**Dataset extract**

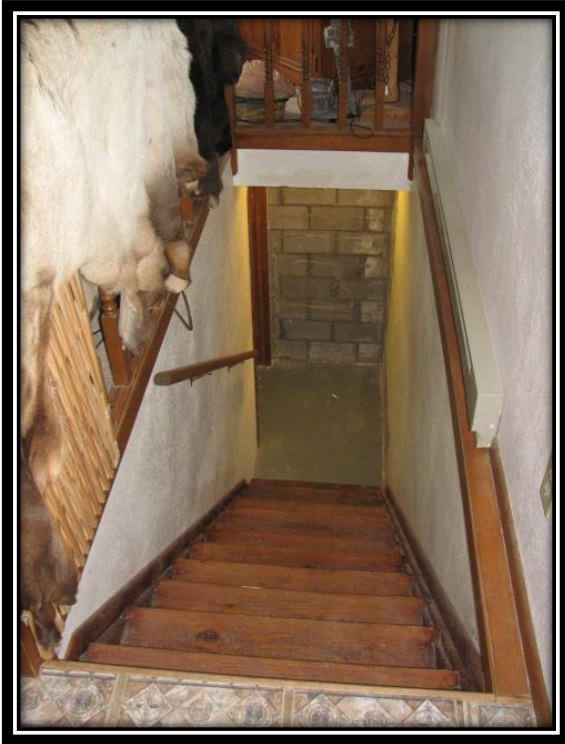
Stairway to Basement
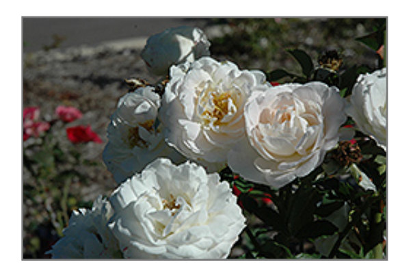
Snowdrift Rose flowers
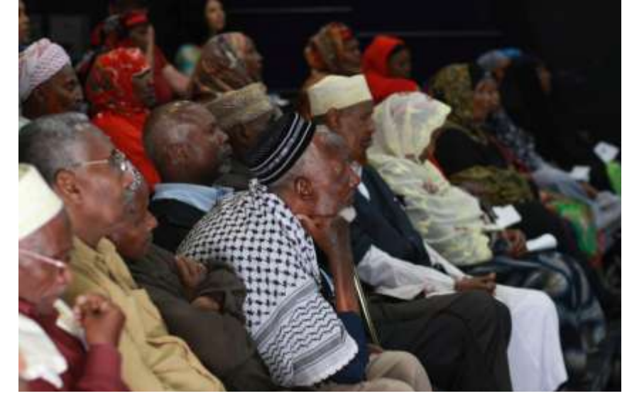
Community Members listening to a presentation
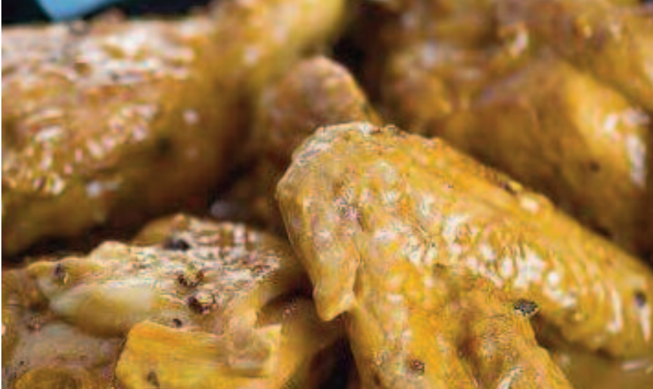
Chicken adobo with coconut milk

Ingredients 2 lbs. chicken, cut into serving pieces 1 head garlic, crushed 1 tablespoon crushed peppercorn 2 cups coconut milk 5 pieces dried bay leaves 6 tablespoons soy sauce 5 tablespoons white vinegar 3 tablespoons cooking oil Instructions Combine chicken, soy sauce, half of the crushed garlic, and crushed peppercorn in a bowl. Mix well. Marinate the chicken for 20 minutes. Heat oil in a cooking pot. Once the oil is hot enough, saute the remaining garlic until it turns light brown. Add the chicken (including all the marinade ingredients) and dried bay leaves. Cook until the chicken browns. Pour vinegar into the pot. Let boil. Stir and continue to cook for 5 minutes. Pour the coconut milk. Let boil. Cover and simmer until the chicken becomes tender. Note: you can continue cooking until the sauce reduces to your desired consistency. Transfer to a serving bowl. Serve.
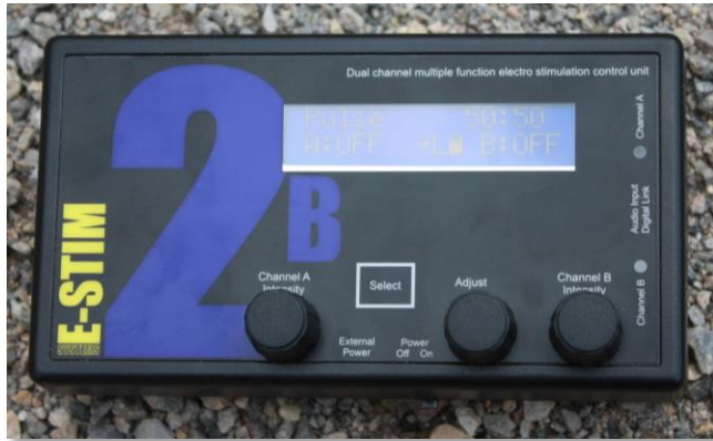
Figure 9 - An advanced e-stim control box, the 2B from E-Stim Systems

Often made for play boxes will have multiple routines in them that provide vastly different feelings, and it is fun to experiment with them.
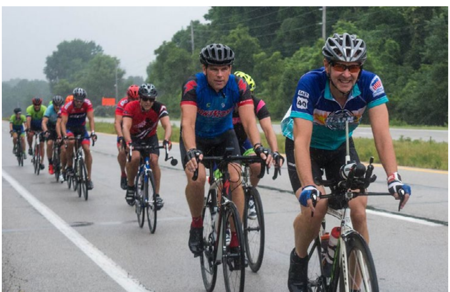
Clockwise, from upper left: July 27, Moonlight Ride (Kevin Otolski); July 25, 4H/Darmstadt Club ride (Mike Spearin); July 25, Ride Across Indiana (Kevin Otolski)
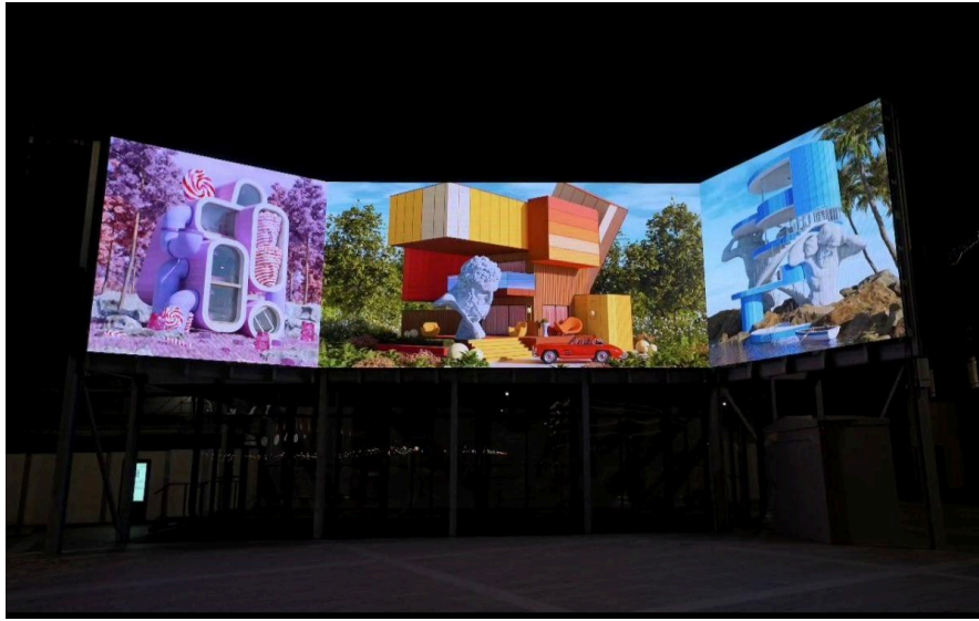
Sunderland, UK 2025

These digital screens feature customizable frames, allowing them to perfectly complement both the artwork itself and the home that will host it.
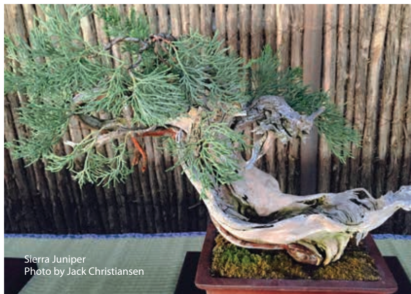
Sierra Juniper

The bonsai beginner is advised to do some reading and to talk with active bonsai enthusiasts to gain an understanding of the basic requirements for trees to survive when grown in containers. Then, acquire some plant material, more than a tree or two, in which one doesn't have too much invested emotionally and monetarily—plants which don't have to survive—and experiment.
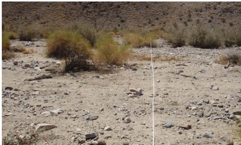
Figure 5. Active channel on upper fans

**Task instructions**
Sift the data above for lines with "upper", then copy each one.

**Answer below**
Clockwise, from upper left: July 27, Moonlight Ride (Kevin Otolski); July 25, 4H/Darmstadt Club ride (Mike Spearin); July 25, Ride Across Indiana (Kevin Otolski)
Figure 5. Active channel on upper fans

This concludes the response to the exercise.